# DATA SHOWN
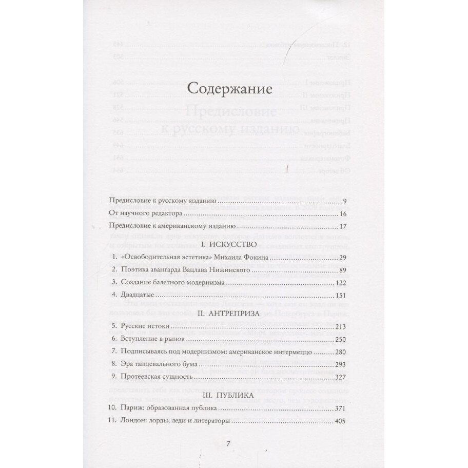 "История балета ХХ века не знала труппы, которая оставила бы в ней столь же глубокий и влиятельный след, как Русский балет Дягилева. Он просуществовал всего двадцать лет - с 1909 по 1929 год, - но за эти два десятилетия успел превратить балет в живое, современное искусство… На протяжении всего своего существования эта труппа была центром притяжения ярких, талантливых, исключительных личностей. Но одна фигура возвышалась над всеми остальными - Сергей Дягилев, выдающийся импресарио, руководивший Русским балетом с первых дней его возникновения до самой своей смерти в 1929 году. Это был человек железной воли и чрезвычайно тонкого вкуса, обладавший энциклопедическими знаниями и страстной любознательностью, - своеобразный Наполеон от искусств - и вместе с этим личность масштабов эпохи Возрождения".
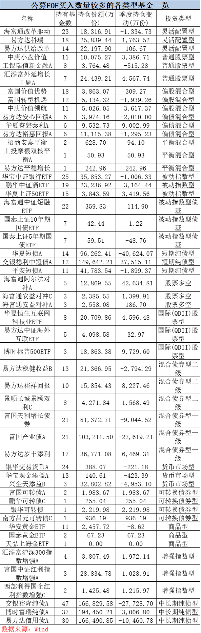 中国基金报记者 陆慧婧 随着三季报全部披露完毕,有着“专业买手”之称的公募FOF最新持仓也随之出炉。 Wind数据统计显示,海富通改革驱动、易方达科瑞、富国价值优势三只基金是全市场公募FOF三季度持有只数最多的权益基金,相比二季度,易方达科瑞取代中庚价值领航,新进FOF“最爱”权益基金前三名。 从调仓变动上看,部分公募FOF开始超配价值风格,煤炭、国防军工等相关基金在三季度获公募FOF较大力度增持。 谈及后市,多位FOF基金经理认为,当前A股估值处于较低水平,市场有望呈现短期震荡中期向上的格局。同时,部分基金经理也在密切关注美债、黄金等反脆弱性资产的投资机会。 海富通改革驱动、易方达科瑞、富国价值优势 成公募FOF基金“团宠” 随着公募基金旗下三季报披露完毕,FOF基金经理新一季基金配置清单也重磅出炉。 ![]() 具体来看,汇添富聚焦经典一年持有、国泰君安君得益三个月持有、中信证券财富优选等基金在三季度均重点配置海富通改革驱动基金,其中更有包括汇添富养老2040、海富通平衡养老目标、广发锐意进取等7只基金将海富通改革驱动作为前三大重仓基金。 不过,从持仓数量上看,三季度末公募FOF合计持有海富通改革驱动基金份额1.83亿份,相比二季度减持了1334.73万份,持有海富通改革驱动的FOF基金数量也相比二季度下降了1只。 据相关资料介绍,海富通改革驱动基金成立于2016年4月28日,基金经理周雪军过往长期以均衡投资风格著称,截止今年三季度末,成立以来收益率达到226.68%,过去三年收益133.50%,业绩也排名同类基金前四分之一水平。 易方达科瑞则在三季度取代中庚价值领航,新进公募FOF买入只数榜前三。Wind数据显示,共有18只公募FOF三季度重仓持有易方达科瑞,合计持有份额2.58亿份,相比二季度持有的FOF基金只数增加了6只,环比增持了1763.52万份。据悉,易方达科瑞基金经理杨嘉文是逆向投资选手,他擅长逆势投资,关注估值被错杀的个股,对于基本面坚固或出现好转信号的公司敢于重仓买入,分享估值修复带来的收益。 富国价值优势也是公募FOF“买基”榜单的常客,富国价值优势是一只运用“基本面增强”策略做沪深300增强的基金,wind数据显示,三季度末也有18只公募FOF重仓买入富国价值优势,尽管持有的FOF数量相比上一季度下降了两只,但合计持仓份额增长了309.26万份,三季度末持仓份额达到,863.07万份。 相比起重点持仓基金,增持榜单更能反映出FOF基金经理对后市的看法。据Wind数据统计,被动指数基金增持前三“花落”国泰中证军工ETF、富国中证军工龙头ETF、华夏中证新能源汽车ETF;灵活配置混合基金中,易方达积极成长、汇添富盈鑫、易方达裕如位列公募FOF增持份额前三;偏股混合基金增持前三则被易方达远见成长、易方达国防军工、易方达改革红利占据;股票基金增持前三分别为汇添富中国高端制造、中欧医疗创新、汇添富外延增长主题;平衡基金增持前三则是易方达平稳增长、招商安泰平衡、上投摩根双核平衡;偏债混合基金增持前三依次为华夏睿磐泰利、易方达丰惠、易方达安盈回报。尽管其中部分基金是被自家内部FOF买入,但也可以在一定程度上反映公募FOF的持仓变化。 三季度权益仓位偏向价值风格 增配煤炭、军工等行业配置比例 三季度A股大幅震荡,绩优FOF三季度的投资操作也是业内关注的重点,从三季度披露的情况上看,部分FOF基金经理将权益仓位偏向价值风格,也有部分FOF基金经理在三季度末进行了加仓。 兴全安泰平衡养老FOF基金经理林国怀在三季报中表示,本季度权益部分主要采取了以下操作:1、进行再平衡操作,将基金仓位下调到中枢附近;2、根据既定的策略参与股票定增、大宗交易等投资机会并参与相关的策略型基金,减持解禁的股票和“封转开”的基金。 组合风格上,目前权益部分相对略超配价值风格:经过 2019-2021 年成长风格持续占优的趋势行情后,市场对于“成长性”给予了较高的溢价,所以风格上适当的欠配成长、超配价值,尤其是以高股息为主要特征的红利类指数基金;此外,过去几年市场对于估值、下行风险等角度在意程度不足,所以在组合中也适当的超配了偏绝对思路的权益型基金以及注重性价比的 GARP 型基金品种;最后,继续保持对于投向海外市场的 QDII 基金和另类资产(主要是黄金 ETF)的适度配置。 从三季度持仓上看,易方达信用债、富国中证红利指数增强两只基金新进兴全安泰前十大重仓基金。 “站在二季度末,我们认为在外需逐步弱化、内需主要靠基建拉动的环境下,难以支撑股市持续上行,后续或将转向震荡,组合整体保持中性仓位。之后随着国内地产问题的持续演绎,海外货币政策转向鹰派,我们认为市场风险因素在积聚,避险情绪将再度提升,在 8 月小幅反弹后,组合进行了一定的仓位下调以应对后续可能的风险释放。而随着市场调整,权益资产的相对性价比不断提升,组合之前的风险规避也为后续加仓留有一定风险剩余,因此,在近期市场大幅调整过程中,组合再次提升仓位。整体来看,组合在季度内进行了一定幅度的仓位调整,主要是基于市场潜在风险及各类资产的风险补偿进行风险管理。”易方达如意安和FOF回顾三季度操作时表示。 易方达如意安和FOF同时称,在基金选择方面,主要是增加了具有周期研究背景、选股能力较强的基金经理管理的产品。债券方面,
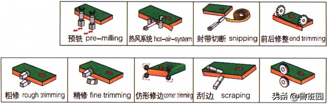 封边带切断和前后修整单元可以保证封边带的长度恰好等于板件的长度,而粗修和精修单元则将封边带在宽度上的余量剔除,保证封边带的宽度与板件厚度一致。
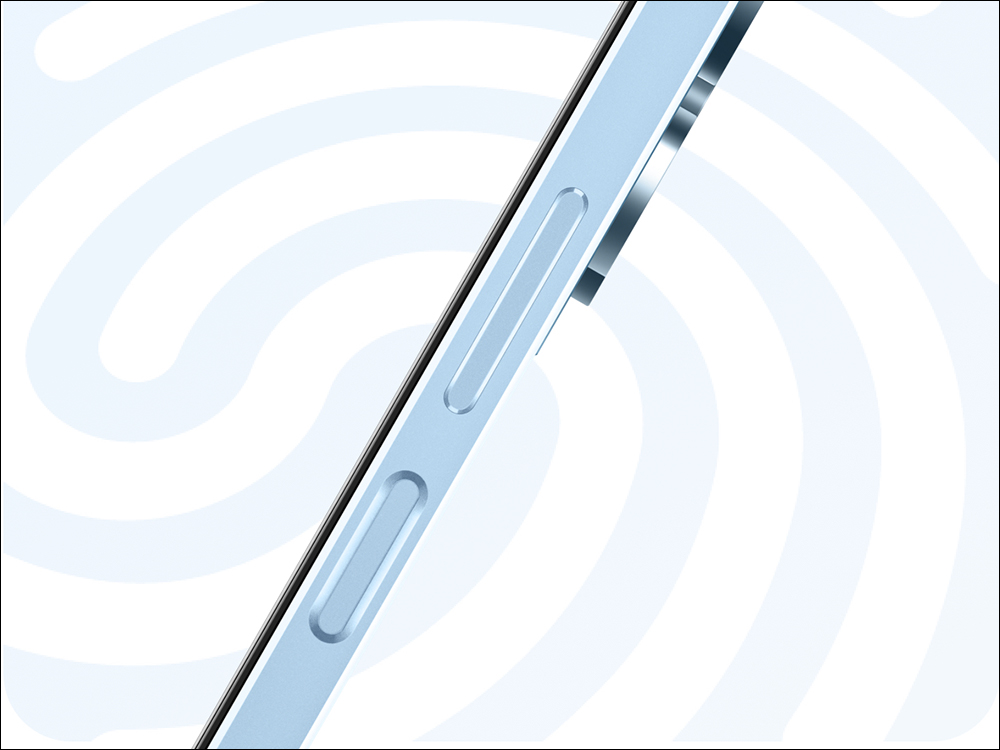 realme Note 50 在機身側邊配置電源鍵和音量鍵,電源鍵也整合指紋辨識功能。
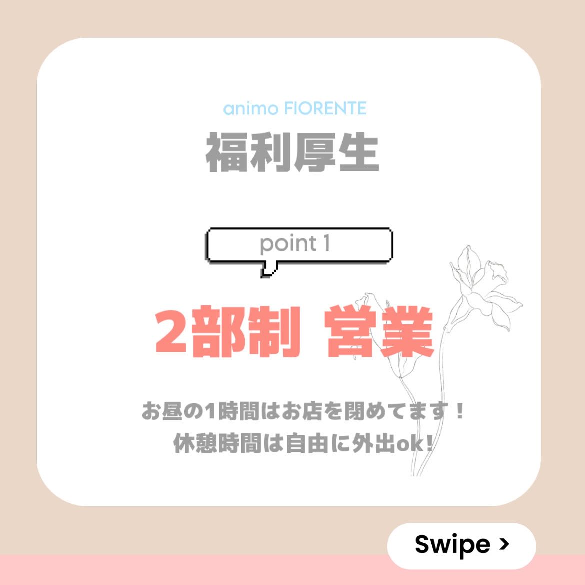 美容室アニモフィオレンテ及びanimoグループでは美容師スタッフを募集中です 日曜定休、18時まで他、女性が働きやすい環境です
* * *
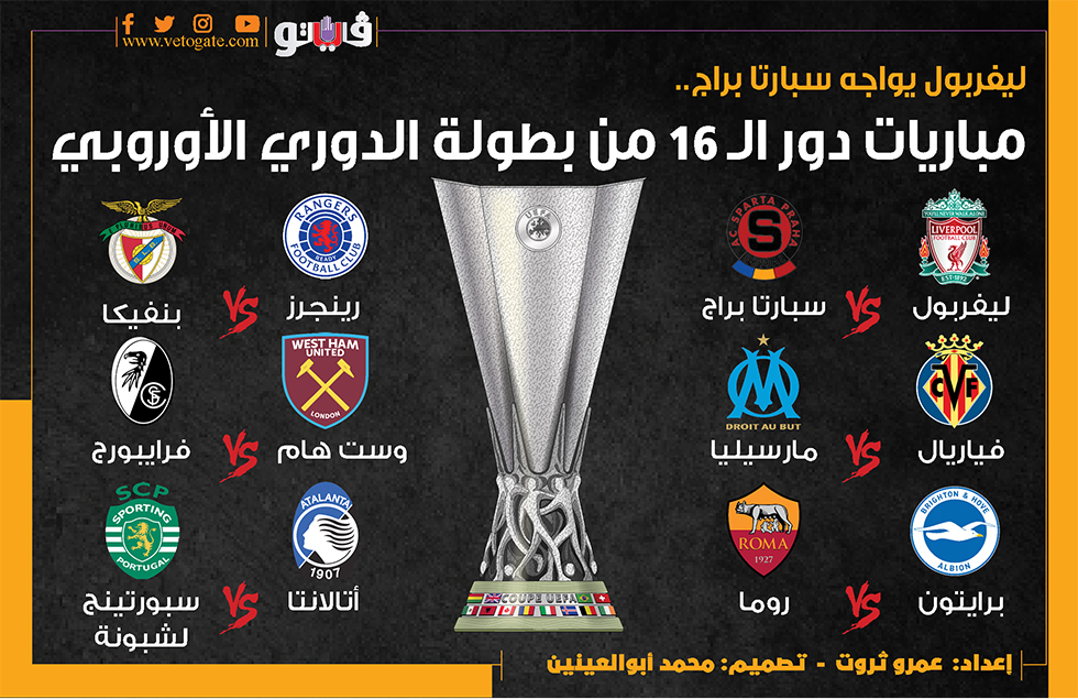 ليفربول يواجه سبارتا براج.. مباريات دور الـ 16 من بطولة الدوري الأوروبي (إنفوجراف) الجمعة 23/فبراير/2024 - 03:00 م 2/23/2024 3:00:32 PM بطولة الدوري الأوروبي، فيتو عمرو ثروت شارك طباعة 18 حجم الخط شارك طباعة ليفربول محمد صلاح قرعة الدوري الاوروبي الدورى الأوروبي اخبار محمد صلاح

# REQUIRED WORK
Set down again, exactly, every line above from the one with "封边带切断和前后修整单元可以" down to the one with "美容室アニモフィオレンテ及び", both ends included. No pictures, and nothing else.

# SOLUTION FOR THIS EXERCISE
 封边带切断和前后修整单元可以保证封边带的长度恰好等于板件的长度,而粗修和精修单元则将封边带在宽度上的余量剔除,保证封边带的宽度与板件厚度一致。
 realme Note 50 在機身側邊配置電源鍵和音量鍵,電源鍵也整合指紋辨識功能。
 美容室アニモフィオレンテ及びanimoグループでは美容師スタッフを募集中です 日曜定休、18時まで他、女性が働きやすい環境です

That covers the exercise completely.